Litigation Hold in Exchange 2010


Litigation hold (also known as a preservation order and legal hold) all have the same legal meaning; a stipulation requiring an individual or organization to preserve all data that could relate to a anticipated or pending legal action involving the individual or organization. The litigation hold responsibility is one of the biggest liabilities individuals and organizations have in the civil litigation process. If a litigation hold is ignored or insufficiently applied, the Judge will not tolerate excuses and the outcome can be a spoliation or destruction of evidence ruling which in turn can cause an adverse inference order be issued and loss of the case. Several third party eDiscovery applications provide for litigation hold placement on individual items to reduce over saving of non-responsive ESI.

In Exchange 2010, Microsoft suggests placing a custodian’s entire mailbox on litigation hold. In other words specifically putting a custodian’s mailbox on litigation hold ensures an indefinite retention on all content, even the content not relevant to the case at hand, in the user’s mailbox until the mailbox is removed from Legal Hold.

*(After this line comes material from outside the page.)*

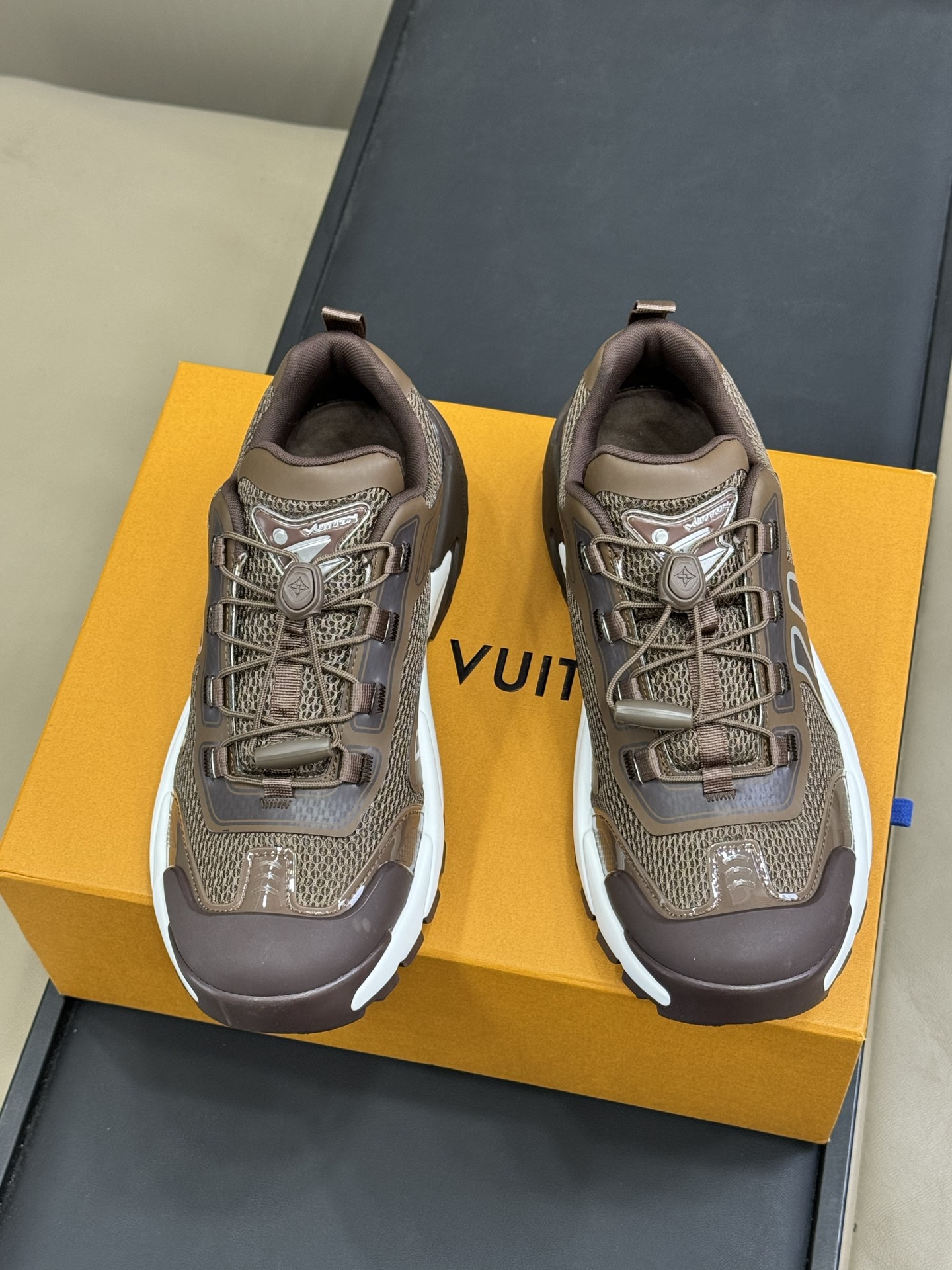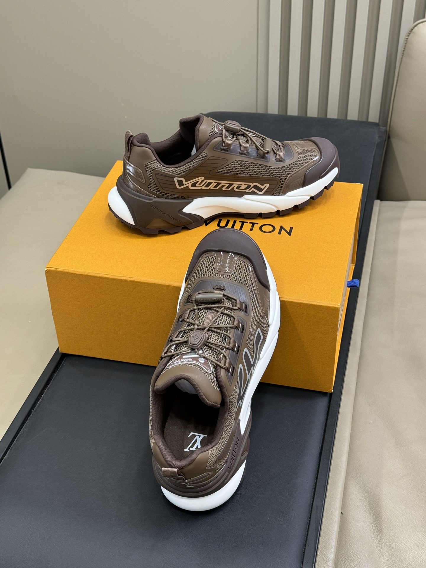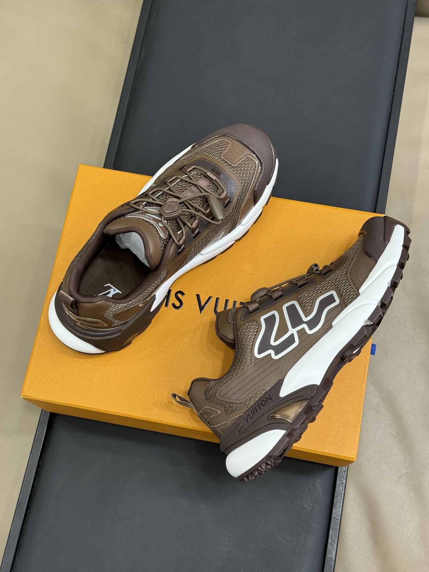 这款鞋子是AAAAA 1:1 质量 (非常棒). 使用了和原版一模一样的材料. 商标部分也保持了和路易威登/Louis Vuitton一样. 图片拍摄是实物鞋子拍摄, 您所收到的实物保证和我们图片一模一样.

This shotgun tactic does ensure all potentially responsive ESI is retained at the time of placement but many attorneys are leery of blindly placing a litigation hold on all content due to the possibility of over retaining ESI that is not responsive to the current case but could be in a future case.

To put a custodian’s mailbox on litigation hold in Exchange 2010, the person making that decision needs to be part of the “Discovery Management” Role in Exchange.  By default there are no approved auditors in the organization, including the Exchange Administrator, which has the right to put a user’s mailbox on litigation hold.  The Exchange Administrator can go into the Exchange Control Panel and give themselves (and others) the right to enable litigation hold for mailboxes.

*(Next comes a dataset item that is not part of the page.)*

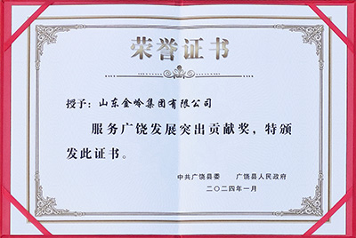 2024年1月19日,在廣饒縣委、縣政府召開的全縣新型工業(yè)化推進大會上,山東金嶺集團有限公司被授予“服務(wù)廣饒發(fā)展突出貢獻獎”榮譽稱號,以表彰公司對地方經(jīng)濟發(fā)展做出的突出貢獻。

Another caveat for Exchange 2010 litigation hold is that it could take upwards of 1 hour before a litigation hold takes effect on a given custodian’s mailbox. This is because the policy needs to be enacted on all messages and folders in the mailbox and be replicated through Active Directory. With litigation hold enabled, all messages, regardless of the organization’s retention policy will be retained until released.

Another aspect of placing effective litigation holds in Exchange 2010 is the question of PST files. PSTs are a long running problem area for corporate legal as well as the IT department. The problem is this; PSTs include email, attachments and metadata no longer preset within the Exchange email system. So when an auditor searches a custodian’s mailbox from Exchange 2010 for relevant emails and attachments, they aren’t able to search for any PSTs the custodian has on their local workstation.